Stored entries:
----------------------------------------

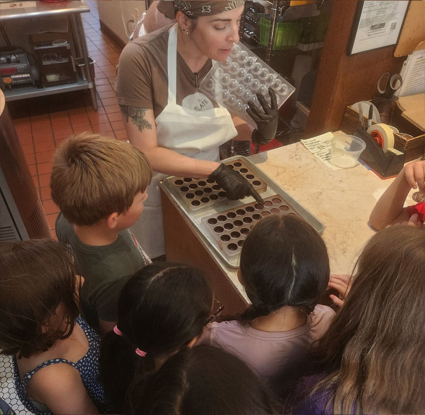 | During these visits, we enjoy sharing our history, production processes, and of course, offer a taste of something special. Sometimes it’s our decadent Belgian Chocolate sorbet, a hand crafted and painted bonbon, or a seasonal special. Sometimes the group will partake in our latest collaboration with a local brewery, whiskey distillery, honey maker, or taste an exclusive Starbucks chocolate that we’ve created for The Starbucks Reserve Roastery in Manhattan: it might include a Coffee Creme Caramel or Cold Brew bonbon. The tours bring guests from around the world. We’ve met travelers from New Zealand, Japan, Israel, England, South Africa, Texas, California, Canada, France, Australia, and beyond! And with all of our cultural, intellectual, or political differences, we know that one thing we all can enjoy together is CHOCOLATE! It is our unifying commonality and with it we enjoy connecting with the global community. As they sample our dark chocolate sorbet, bonbons, or now our famous chocolate cupcakes, there is a universal joy that we see on visitor’s faces that help make our days meaningful. The smiles that result are a universal joy, and it’s such a delight to witness. |
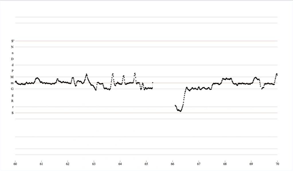PRAAT representation of a fragment of Faiyaz Khan’s alap in Lalit, a graph representation of the opening of rāga Lalit.
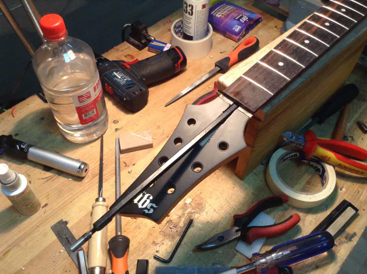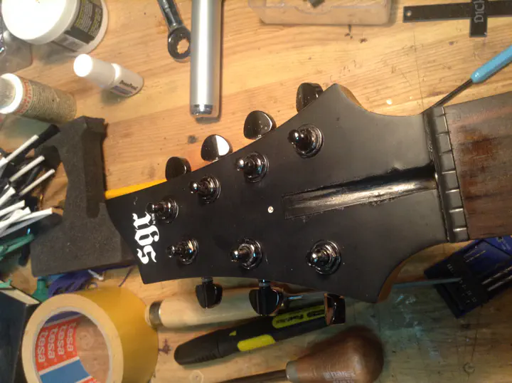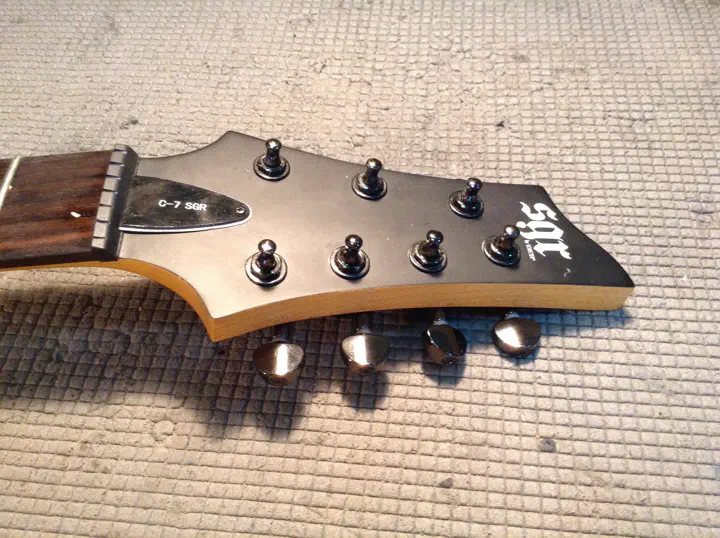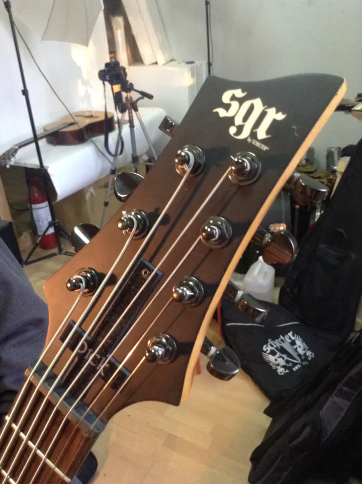 Итак, в мастерской появляется семиструн “SGR by Schecter”, хозяин которого по неопытности сорвал шлиц на гайке двухстороннего анкера. Гитара почти новая; даже гарантия еще не кончилась, но ремонт, конечно, не гарантийный.
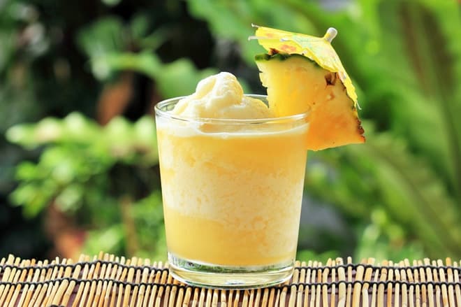 Всі інгредієнти охолодити, збити у блендері до однорідності. Налити коктейль у склянки, прикрасити збитими вершками і шматочками ананаса.
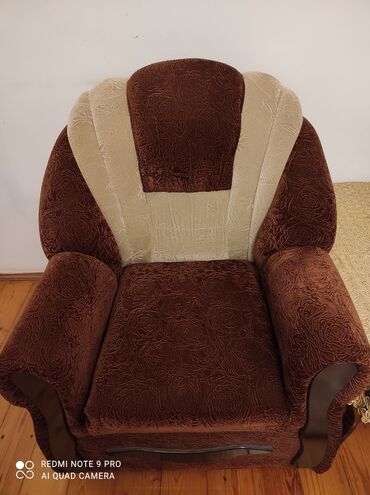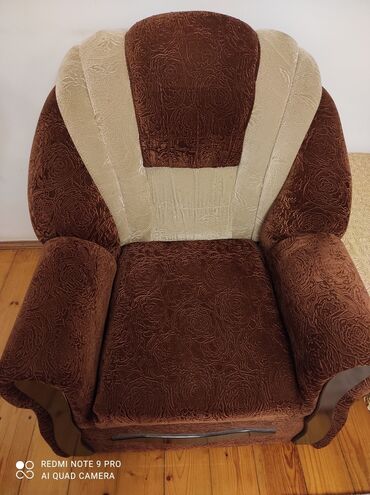 Mebel: Yumşaq kreslo - Rəng: qəhvəyi və bej iki rəngli dizayn - Material: yumşaq toxumalı parça üzlük, dolğun süngər oturacaq və bel hissə - Forma: geniş oturacaq, iri qol dayaqları, yanlardan bej...Giriş•Qeydiyyat
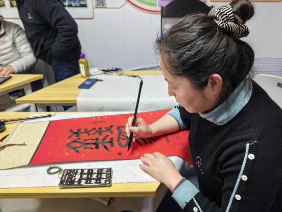写福字环节更添节日氛围,书法爱好者现场挥毫泼墨,笔尖流转间,一个个寓意吉祥的马年福字跃然纸上,红纸金墨相映成趣,满含对新年的美好期许。新就业劳动者们踊跃参与,有的驻足欣赏书法创作,有的亲手尝试书写福字,在笔墨书香中感受传统文化的魅力,脸上都洋溢着幸福的笑容。

----------------------------------------

* TASK DIRECTIONS *
Set down the records above word for word, from the first line through the line containing "PRAAT representation of", both included; leave out the pictures.

* OUTPUT OF THE EXERCISE *
 | During these visits, we enjoy sharing our history, production processes, and of course, offer a taste of something special. Sometimes it’s our decadent Belgian Chocolate sorbet, a hand crafted and painted bonbon, or a seasonal special. Sometimes the group will partake in our latest collaboration with a local brewery, whiskey distillery, honey maker, or taste an exclusive Starbucks chocolate that we’ve created for The Starbucks Reserve Roastery in Manhattan: it might include a Coffee Creme Caramel or Cold Brew bonbon. The tours bring guests from around the world. We’ve met travelers from New Zealand, Japan, Israel, England, South Africa, Texas, California, Canada, France, Australia, and beyond! And with all of our cultural, intellectual, or political differences, we know that one thing we all can enjoy together is CHOCOLATE! It is our unifying commonality and with it we enjoy connecting with the global community. As they sample our dark chocolate sorbet, bonbons, or now our famous chocolate cupcakes, there is a universal joy that we see on visitor’s faces that help make our days meaningful. The smiles that result are a universal joy, and it’s such a delight to witness. |
PRAAT representation of a fragment of Faiyaz Khan’s alap in Lalit, a graph representation of the opening of rāga Lalit.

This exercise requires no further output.